The agency’s conclusion was clear. Until that profit-taking can be absorbed with out triggering rejection, $70,000 stays a ceiling, not a ground.
That view broadly matches how analysts at Bitunix crypto change described the current transfer.
These analysts informed CryptoSlate that Bitcoin’s fast surge above $70,000 had shaped what they known as a traditional upside liquidity sweep.
As a end result, they recognized the $69,500 to $70,500 space as probably the most concentrated zone of short stress and liquidity buildup.
According to Bitunix, lengthy leverage beneath $68,000 has largely been cleared, whereas secondary liquidity stays close to $64,000.

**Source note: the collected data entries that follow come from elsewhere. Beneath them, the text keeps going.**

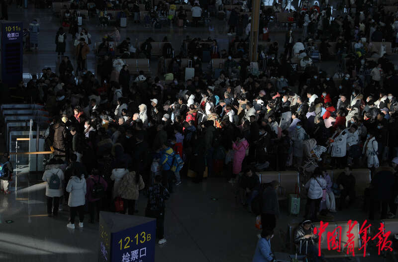 1月14日,北京朝阳站候车大厅,旅客在排队等待检票。中青报·中青网记者 陈剑/摄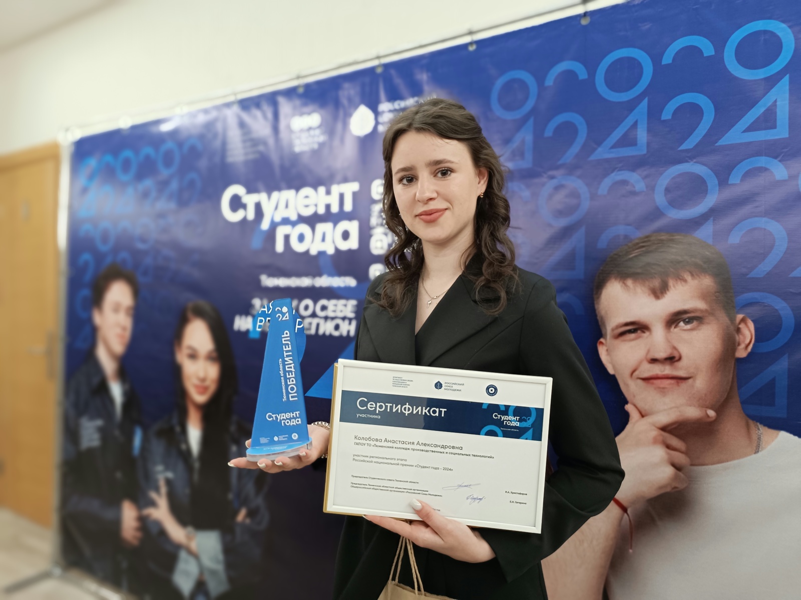«Спортсменкой года» стала студентка второго курса Тюменского колледжа образовательных и социальных технологий Анастасия Колобова.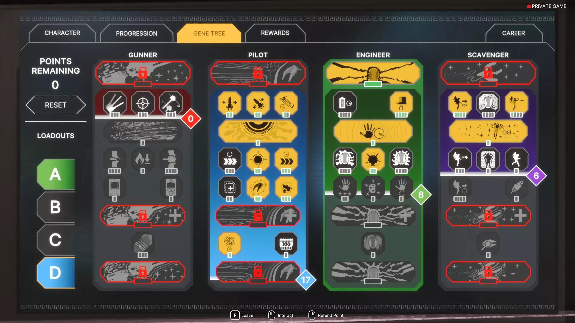 有一点我想说明的是,在单人游玩时,无论是哪个职业,【孤独哨兵号】都是唯一的选择。我希望能推出更多适合单人游玩的舰船。 至于我的技能树,我是这样搭配的。其优缺点都很明显,但还是可控的。 优点: 1) 我使用工程师的技能,并将【磁力靴】升到满级。这在需要快速撤离时同步充能虚空引擎非常方便,而且在进出虚空时进行内部维修也很实用。最后,【强化延长】对于过度充能你的【B.R.A.I.N炮】至关重要。相信我,这绝对是个优势。 2) 由于我们在大部分航行时间都要待在舵手位,所以将大部分点数投入到飞行员技能上是合理的,主要用于方向控制、进攻控制和防御控制。3) 在最新更新中,每个职业新增了1-2个新专长。如果寻路者/驾驶舱算作系统模块,那么所有枪械将获得25%的伤害加成和10%的精准度提升。这些加成会在强化和遗物效果之前生效。 4) 最后,拾荒者技能树会分配剩余的点数。氧气容量翻倍,氧气消耗降低的同时提升推进距离。投掷技能在突袭或亵渎等任务中也非常实用。 缺点: 1) 无法进行虚空行走。这是最大的缺点,尤其是在即将被拦截时。你很可能会陷入措手不及的境地。 2) 没有充氧医疗包或喷气背包冲刺。这两个技能缺失虽然可以应对,但如果因未知原因导致飞船上没有生物质,你可能会陷入困境。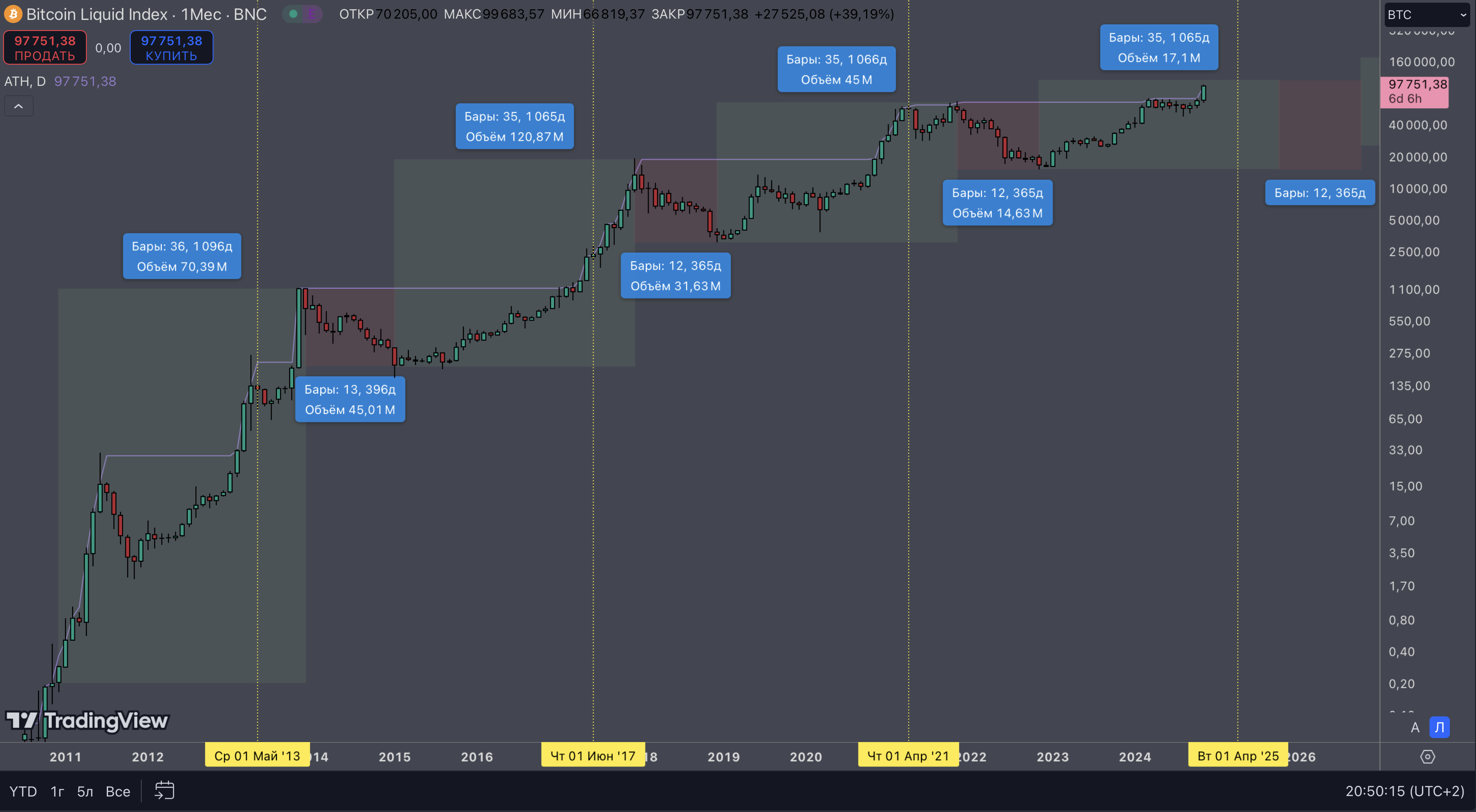 >>1164255 Да пох, если честно, как в ближайшее время будет ходить цена, если весной в любом случае будут иксы. Вообще ниже недельного ТФ опускать не вижу смысла, что при закуп_очке, что при продажах. Закупать-продавать, в принципе, вообще на месячных свечах планирую в следующем цикле. Как видно на скрине, в апреле-июне месячная свеча всегда либо додж рисует, либо небольшая красная, вот на такой свече я и фиксану половинку портфеля, так как почти всегда за этим следует коррекция по битку и, соотвественно, альте.
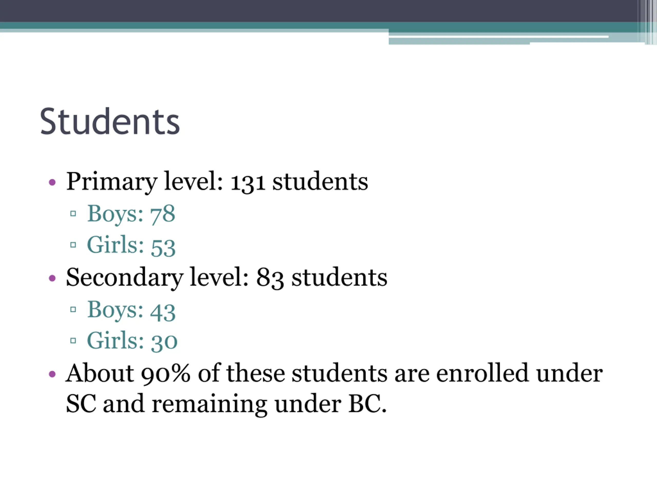 Students Primary level: 131 students Boys: 78 Girls: 53 Secondary level: 83 students Boys: 43 Girls: 30 About 90% of these students are enrolled under SC and remaining under BC.

In its studying, the market has already accomplished the primary part of lengthy liquidation. The next query is whether or not overhead short positions will likely be squeezed exhausting sufficient to show resistance into a breakout.
If repeated assessments above $69,000 fail to provide agency acceptance, Bitunix mentioned that zone could harden into a short-term resistance core and pull Bitcoin again into a vary.
On the opposite hand, if a high-volume breakout absorbs liquidity above $69,800, compelled short overlaying could comply with, and volatility could intensify.
Still, that doesn’t assure a straight line increased.
However, it will present that Bitcoin is more and more trying like an asset with room to maintain an upward momentum for the primary time in weeks.